Copy out the lines of the records below, and only those lines, from the one with "原料:圣士蛋挞皮、淡奶油、牛奶、糖、鸡蛋黄。" through the one with "Akuamarin, dumanlı kuvars", exactly as they appear.

==== Supplied records

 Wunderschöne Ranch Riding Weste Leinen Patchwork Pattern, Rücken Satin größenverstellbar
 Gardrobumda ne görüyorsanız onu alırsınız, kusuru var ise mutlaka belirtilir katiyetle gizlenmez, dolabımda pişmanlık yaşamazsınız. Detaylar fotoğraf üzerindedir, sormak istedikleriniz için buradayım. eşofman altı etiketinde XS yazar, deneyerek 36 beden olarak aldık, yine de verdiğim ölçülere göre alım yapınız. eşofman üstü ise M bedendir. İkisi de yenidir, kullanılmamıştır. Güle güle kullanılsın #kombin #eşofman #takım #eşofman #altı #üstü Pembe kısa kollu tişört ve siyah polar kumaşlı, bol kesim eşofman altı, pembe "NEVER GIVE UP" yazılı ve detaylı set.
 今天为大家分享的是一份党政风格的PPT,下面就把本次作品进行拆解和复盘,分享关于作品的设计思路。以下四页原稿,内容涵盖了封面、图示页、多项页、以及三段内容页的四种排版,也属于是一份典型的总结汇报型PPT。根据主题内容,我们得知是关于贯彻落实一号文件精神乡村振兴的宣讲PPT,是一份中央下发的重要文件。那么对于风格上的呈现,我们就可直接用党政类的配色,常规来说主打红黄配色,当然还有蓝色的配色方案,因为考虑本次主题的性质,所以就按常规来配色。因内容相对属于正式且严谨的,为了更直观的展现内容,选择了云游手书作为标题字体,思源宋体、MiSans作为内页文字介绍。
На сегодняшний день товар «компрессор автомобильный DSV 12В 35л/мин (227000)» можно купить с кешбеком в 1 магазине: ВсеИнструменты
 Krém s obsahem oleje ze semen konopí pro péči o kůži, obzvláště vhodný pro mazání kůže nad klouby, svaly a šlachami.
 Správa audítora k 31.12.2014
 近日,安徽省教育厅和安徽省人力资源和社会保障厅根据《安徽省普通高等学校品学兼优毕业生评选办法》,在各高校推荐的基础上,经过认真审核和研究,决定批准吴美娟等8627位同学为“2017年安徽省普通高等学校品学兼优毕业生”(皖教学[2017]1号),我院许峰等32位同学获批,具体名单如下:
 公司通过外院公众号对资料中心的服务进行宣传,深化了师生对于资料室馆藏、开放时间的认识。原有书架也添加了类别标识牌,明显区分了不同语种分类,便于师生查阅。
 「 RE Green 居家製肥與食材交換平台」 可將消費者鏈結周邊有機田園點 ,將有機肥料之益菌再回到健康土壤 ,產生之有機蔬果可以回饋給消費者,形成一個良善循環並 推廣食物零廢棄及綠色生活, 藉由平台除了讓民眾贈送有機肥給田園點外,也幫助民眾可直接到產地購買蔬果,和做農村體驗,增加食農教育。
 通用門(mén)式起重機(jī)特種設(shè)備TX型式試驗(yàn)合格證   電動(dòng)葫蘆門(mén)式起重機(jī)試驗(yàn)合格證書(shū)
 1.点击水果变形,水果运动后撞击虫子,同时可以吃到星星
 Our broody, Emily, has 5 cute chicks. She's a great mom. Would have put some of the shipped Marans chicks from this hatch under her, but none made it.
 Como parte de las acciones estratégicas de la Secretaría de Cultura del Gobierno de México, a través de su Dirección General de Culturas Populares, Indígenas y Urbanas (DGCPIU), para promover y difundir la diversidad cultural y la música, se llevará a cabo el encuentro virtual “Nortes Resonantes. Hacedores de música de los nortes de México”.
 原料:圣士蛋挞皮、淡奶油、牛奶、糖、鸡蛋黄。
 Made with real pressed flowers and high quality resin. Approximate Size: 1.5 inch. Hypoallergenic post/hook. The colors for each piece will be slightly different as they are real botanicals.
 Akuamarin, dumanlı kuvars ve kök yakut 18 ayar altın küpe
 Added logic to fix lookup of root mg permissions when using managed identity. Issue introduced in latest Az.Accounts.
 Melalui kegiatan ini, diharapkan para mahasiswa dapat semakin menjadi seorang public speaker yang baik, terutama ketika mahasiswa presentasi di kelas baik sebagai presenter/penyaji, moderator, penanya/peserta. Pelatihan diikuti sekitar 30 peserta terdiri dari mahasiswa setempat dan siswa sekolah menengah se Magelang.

========

**Answer area**.
 原料:圣士蛋挞皮、淡奶油、牛奶、糖、鸡蛋黄。
 Made with real pressed flowers and high quality resin. Approximate Size: 1.5 inch. Hypoallergenic post/hook. The colors for each piece will be slightly different as they are real botanicals.
 Akuamarin, dumanlı kuvars ve kök yakut 18 ayar altın küpe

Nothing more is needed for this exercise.